Wednesday 27 June 2012

Activate!

I'm at the Guardian Activate summit in London today, where the themes are


Agility, Open vs Closed, Big Data and Entrepreneurship. Lots of speakers, most sessions are short, so will try and blog as much as I can, so what follows will probably be in note form. Lovely venue, on the Regent Canal, in the Guardian HQ.

Opening session is chaired by the editor of BBC Interactive, and is on the Challenge of Agility in Business. First speaker is the executive director of Government Digital Service.
Agile and government slightly incongruous! William Basiljet, invented the London sewerage system, realised that infrastructure had to be beautiful. He created beautiful, ornate, follies around pumping stations. People needed to appreciate and value it. Now we need to do the same thing with digital infrastructure!
UK has long tradition of delivering excellent public services, but this hasn't always translated to digital. Government IT has been criticised. Most of supply chain in IT supplied by systems integrators, large suppliers, causes problems in agility and adapting to new things. Also an issue with capability, there are key skills gaps. Difficult to create innovative services in this environment.
So, now a transformation programme from cabinet office to change this.
First major project is gov.uk. Using agile, iterative processes on open technology platforms with world class in house development team. Focused entirely on user need.
Services need to be simpler, clearer and faster for users. If we get this right, then savings will follow.
Simpler - Simple project, bank holiday web site! Same information, but in a way users tell them they want it.
Faster, remove number of clicks.
Also doing less. Lovely examples of stuff removed from government web site such as suggesting you put a pullover on for your BBQ!
Think about what your user needs.
Focus on quick do. Tasks that your users do over and over again, eg passport applications.
Acknowledge that people start with search. No-one comes through an elegant front door to web site anymore, nearly all use google. So, provision for search.
Small teams, focused people, highly skilled, developers, designers and managers. If you put these small, highly skilled, mixed teams together they can do almost everything.

Principles:
Digital by default, think natively what a digital service looks like, don't just convert paper processes
Put uses first
Learn from the journey
Build a network of trust
Move barriers aside - use google docs, macs, whatever you need to do the job
Help technology leaders flourish
Don't do everything yourself.

Next- Senior iOS product manager from SKYPE, used to be at Guardian, helped develop iPad app. Agile Product Design.
Skype's challenge, is to be the global communications provider that billions of people use every day. They already have 250 million connected users per month. 50% of all calls include video. Has been very disruptive. Now responsible for 25% of all international calls. 40 million concurrent users.

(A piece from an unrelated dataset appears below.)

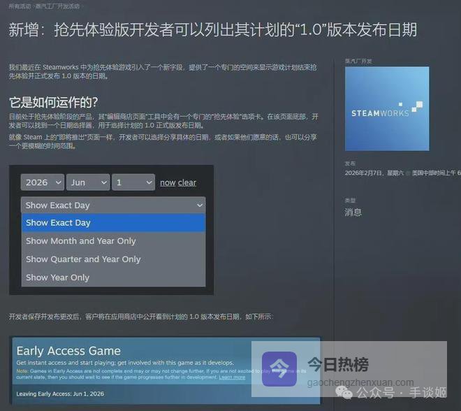 在2026年2月9日,Steam方终于公布了新功能:当抢先体验功能上线以后,制作方终于可以选择在显示抢先体验标签的同时,发布确切的发售时间了。
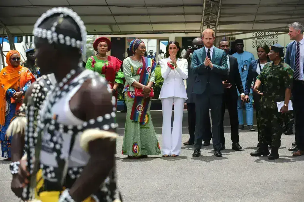Η Μέγκαν προσπάθησε να μπει στο mood της επίσκεψης, χωρίς να ξεχνά τα ακριβά της γούστα. Για παράδειγμα, την πρώτη μέρα, απαθανατίστηκε με λευκό κοστούμι και Manolo Blahnik παπούτσια ενώ το χέρι της κοσμούσε ένα ρολόι Cartier.

Culture is to put product engineering first, truly global, solve for a dynamic world. Agile and fast. Have to move quickly in a way that makes sense for you. Must have tighter processes. Everyone must know what they're doing.

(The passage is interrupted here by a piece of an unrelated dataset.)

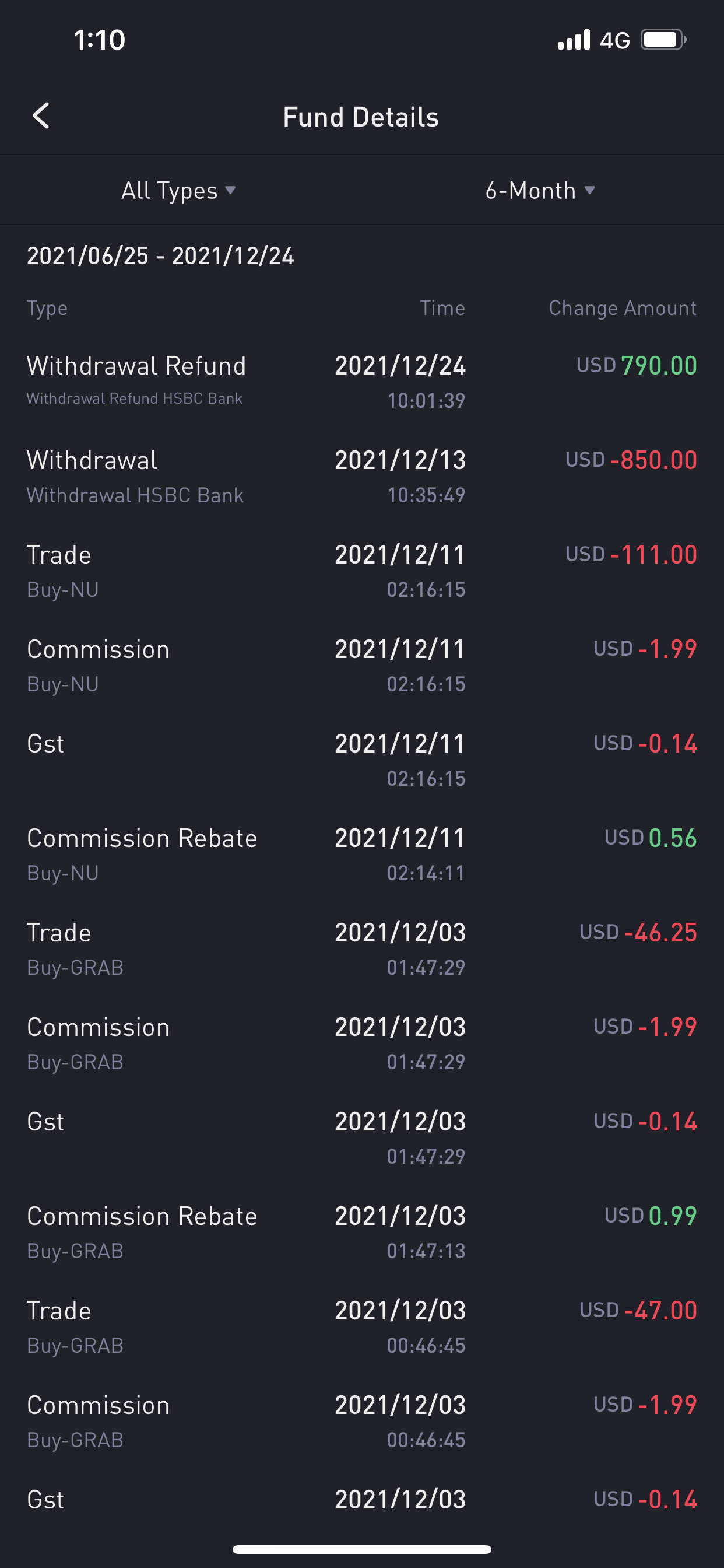I'm trying to do a withdrawal on 13/12/2021 for my own sweet Christmas gift who's know the telegraphic transfer did not a**ected my bank HSBCdue to the purpose of transfer did not listed clearly which are not filled by me. Now I wait for such a long period keep tracking with the fund and this morning the fund finally reached back into my tiger broker balance but with a deduction of 60 USD , this is the worst experience I had faced. I'm using Interective broker and etoro as well and I never faced this kind of withdrawing problem before. I'm afraid the next withdraw I'm going to do will face the same problem and all the balance of my will not able to get back by me and I have to bear all the transection fees until my account runniny out of balance?! Hiazzzz

Want to be everywhere. Must have quality - reliability and fidelity important if you want people to return. No room for slip. Have to be cross platform. Have to accept that platforms will increase. You have to follow your audience. Not just mac, PC, but all mobile platforms, clients like Facebook.

Agile approach. Apparently the project managers spend a lot of their time grooming their backlog (!). Have to be engineering ready. Use other techniques such as scrums and sprints. Sure this meant something to the developers in the audience.

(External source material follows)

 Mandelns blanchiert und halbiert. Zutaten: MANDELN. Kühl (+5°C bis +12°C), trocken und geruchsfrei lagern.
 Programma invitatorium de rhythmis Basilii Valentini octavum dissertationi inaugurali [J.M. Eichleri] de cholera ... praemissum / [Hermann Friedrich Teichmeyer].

Challenges. Key performance metrics such as battery life, crash rate, av quality etc. UI changes are really tough. Good story about eBay changing the colour, users didn't like it, so changed it back.,then changed it a tiny bit a day for several weeks till they got to where they wanted to be and users didn't notice.
Important to concentrate on great code.


- Posted using BlogPress from my iPad

1 comment:

Natalie said...

Thanks for live blogging from this event. Sounds very interesting. Very encouraging to read about the cabinet office encouraging an agile approach with open technology platforms and in house development teams focussed entirely on user need. Would be good to see this approach adopted more in higher education too.